Kumzar (كُمْزَار), is a village in Musandam, the northernmost province of Oman. It is the second most northerly inhabited part of the country, and the most northerly inhabited part on its mainland, located on the Strait of Hormuz. The village is only accessible by boat, and its inhabitants speak their own language, known as Kumzari.

== Etymology ==
There are multiple hypotheses on the origin of the name 'Kumzar.' A large number of native Kumzaris believe that the name was derived by blending the two Arabic words 'kam' and 'zar,' which means 'How many [people] visited [the village]?' This indicates that there has been a large number of visitors, owing to the village's strategic location.

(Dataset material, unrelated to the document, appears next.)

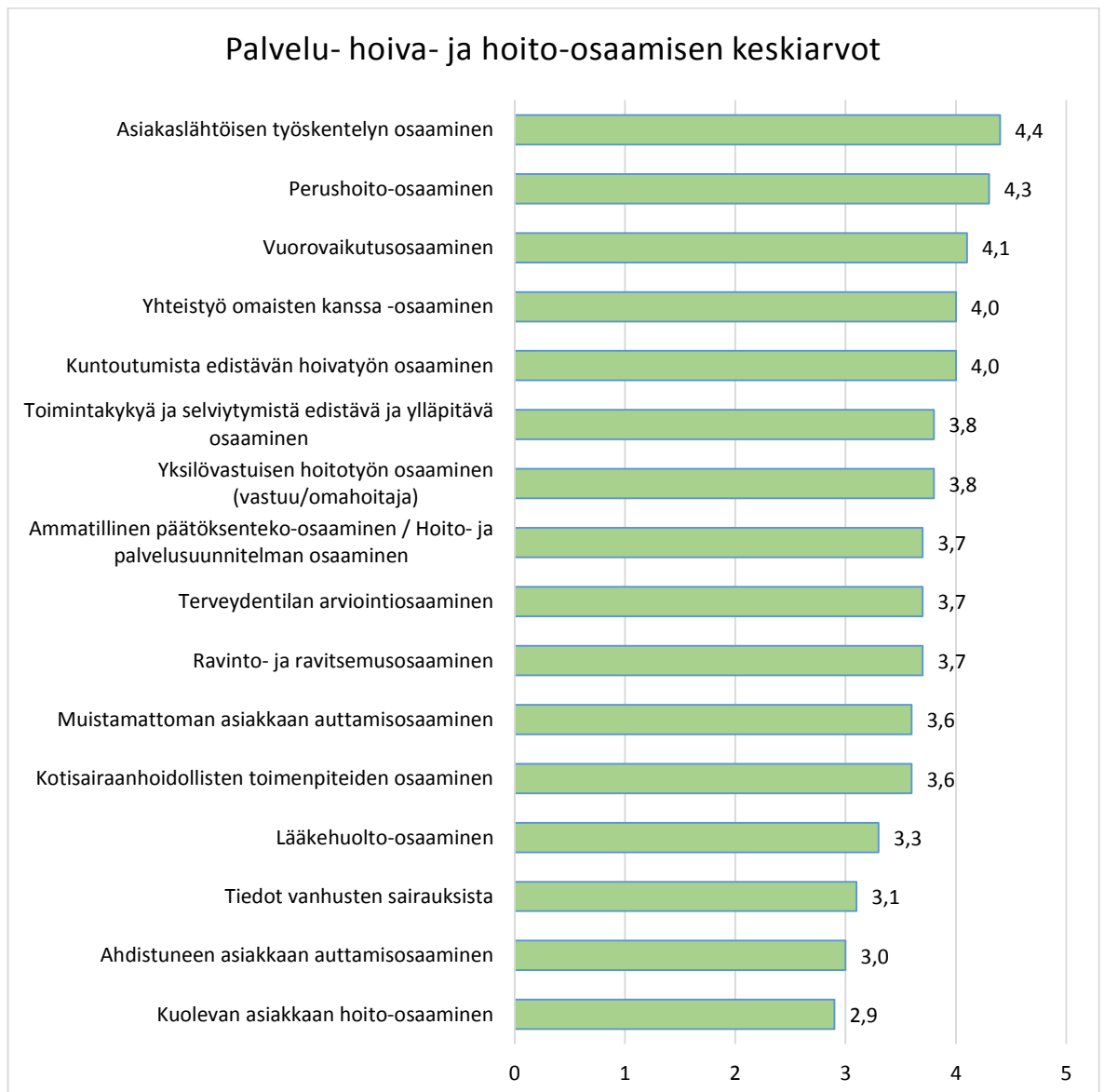
Taulukko 11. Palvelu- hoiva- ja hoito-osaamisen keskiarvot.

Palvelu- hoiva ja hoito-osaamisen korkein keskiarvo on asiakaslähtöisen työskentelyn osaamisessa. Keskiarvon 4 tai sen yli ovat saaneet myös perushoito-osaaminen, vuorovaikutusosaaminen, yhteistyö omaisten kanssa-osaaminen sekä kuntoutumista edistävän hoivatyön osaaminen. Alimman keskiarvon on saanut kuolevan asiakkaan hoito-osaaminen.

Less common views maintain that the name is a blend of two other Arabic words 'kummah' and 'wzar,' which refer to a cap worn on the head and a wrap worn around the body. Some scholars view the name as an exonym based on how the inhabitants of the village used to dress, while others hold the view that the mountainous landscape of the village resembles the shape of a kummah and wzar.

== Geography ==
Kumzar is located in the Musandam Governorate of Oman, and is the country's northernmost inland population center. It is located on the coastline, facing the Strait of Hormuz, and is situated between the inlets of a canyon.

Kumzar is an isolated village. With no road linking it to the nearest town of Khasab, it is only accessible by boat.

== History ==
Kumzar has been inhabited for approximately 500 years, although exact records are scarce. Early Portuguese maps of the area highlight a settlement in the area.

== Demographics and culture ==

The village has around 3000 inhabitants, and the majority of families have several children, with an average of 5-6 children per family.

=== Religion and language ===
The Kumzari people practice the religion of Islam, but have a distinct culture from the Arabs in the rest of Oman.

The isolated location of the village has harboured a separate language, Kumzari. The language is a Southwestern Iranian language that has been influenced by up to 45 languages, including Arabic, Larestani, English and Hindi.

=== Relationship with Khasab ===
Most Kumzari families have two houses, one in Kumzar and the second in Khasab. The extreme heat in the summer makes Kumzar almost uninhabitable, so from May to September, most people leave Kumzar to stay in Khasab, where they also help the locals at Khasab harvest dates.

In Khasab, the Kumzari are isolationist, living in their own separate district close to the sea.